Exercise data:

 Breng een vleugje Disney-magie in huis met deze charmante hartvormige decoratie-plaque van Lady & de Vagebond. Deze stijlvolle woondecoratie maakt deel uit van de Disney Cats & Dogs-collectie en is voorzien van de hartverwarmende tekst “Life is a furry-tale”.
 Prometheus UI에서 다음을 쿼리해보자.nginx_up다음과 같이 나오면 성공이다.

---

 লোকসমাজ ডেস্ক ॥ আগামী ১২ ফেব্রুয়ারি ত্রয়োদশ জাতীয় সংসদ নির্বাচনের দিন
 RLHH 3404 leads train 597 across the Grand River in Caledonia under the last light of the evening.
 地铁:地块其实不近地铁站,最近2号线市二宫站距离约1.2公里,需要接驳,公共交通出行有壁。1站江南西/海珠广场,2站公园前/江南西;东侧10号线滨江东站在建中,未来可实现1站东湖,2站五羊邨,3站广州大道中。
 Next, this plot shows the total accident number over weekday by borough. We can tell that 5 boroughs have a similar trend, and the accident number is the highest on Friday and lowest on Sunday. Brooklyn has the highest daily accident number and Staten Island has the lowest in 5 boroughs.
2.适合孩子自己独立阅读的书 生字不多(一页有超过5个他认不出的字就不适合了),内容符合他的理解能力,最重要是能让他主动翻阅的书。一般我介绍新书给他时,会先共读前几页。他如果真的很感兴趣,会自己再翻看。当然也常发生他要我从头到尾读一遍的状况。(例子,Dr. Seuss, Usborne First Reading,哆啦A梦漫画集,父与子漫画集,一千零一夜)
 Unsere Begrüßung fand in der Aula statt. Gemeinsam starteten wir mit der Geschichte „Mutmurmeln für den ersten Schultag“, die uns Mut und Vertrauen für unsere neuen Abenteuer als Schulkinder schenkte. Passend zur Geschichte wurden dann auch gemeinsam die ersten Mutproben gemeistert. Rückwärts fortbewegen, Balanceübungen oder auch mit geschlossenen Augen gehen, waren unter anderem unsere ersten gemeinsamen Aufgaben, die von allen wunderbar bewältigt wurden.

What is expected: Each line in the entries above, starting at the line with "Breng een vleugje" and ending at the line with "Prometheus UI에서 다음을", is to be printed exactly, and only those lines.

Output:
 Breng een vleugje Disney-magie in huis met deze charmante hartvormige decoratie-plaque van Lady & de Vagebond. Deze stijlvolle woondecoratie maakt deel uit van de Disney Cats & Dogs-collectie en is voorzien van de hartverwarmende tekst “Life is a furry-tale”.
 Prometheus UI에서 다음을 쿼리해보자.nginx_up다음과 같이 나오면 성공이다.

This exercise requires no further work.